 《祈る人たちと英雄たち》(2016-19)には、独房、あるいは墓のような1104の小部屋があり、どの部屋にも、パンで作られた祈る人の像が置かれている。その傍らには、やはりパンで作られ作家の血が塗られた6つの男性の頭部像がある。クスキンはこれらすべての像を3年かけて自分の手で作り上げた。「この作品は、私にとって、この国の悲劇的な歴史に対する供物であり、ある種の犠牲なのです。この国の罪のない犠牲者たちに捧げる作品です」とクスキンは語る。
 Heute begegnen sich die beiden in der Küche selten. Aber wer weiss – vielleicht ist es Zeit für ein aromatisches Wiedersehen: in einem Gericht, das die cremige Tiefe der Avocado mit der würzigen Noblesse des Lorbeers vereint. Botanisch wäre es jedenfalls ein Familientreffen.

----

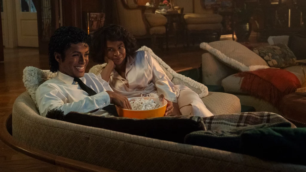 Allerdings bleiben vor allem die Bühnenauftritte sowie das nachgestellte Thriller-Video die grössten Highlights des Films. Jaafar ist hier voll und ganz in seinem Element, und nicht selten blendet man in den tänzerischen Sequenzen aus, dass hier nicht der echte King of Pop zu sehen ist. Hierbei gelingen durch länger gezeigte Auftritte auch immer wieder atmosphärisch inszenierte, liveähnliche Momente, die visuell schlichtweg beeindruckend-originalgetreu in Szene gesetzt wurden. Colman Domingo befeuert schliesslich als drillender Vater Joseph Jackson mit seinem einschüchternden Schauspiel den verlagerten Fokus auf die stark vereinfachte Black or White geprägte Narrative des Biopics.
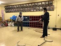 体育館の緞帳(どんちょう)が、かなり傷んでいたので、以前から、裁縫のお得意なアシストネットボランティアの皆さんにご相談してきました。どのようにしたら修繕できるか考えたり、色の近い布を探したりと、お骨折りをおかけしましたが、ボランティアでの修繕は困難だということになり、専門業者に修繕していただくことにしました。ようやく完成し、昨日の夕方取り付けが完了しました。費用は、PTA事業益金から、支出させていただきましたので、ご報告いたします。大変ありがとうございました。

----

■ **Problem to solve**: Both the line above containing "Allerdings bleiben vor" and the line containing "体育館の緞帳(どんちょう)が" belong in the copy, along with every line between them; print these exactly and omit the pictures.

■ **Written response**:
 Allerdings bleiben vor allem die Bühnenauftritte sowie das nachgestellte Thriller-Video die grössten Highlights des Films. Jaafar ist hier voll und ganz in seinem Element, und nicht selten blendet man in den tänzerischen Sequenzen aus, dass hier nicht der echte King of Pop zu sehen ist. Hierbei gelingen durch länger gezeigte Auftritte auch immer wieder atmosphärisch inszenierte, liveähnliche Momente, die visuell schlichtweg beeindruckend-originalgetreu in Szene gesetzt wurden. Colman Domingo befeuert schliesslich als drillender Vater Joseph Jackson mit seinem einschüchternden Schauspiel den verlagerten Fokus auf die stark vereinfachte Black or White geprägte Narrative des Biopics.
 体育館の緞帳(どんちょう)が、かなり傷んでいたので、以前から、裁縫のお得意なアシストネットボランティアの皆さんにご相談してきました。どのようにしたら修繕できるか考えたり、色の近い布を探したりと、お骨折りをおかけしましたが、ボランティアでの修繕は困難だということになり、専門業者に修繕していただくことにしました。ようやく完成し、昨日の夕方取り付けが完了しました。費用は、PTA事業益金から、支出させていただきましたので、ご報告いたします。大変ありがとうございました。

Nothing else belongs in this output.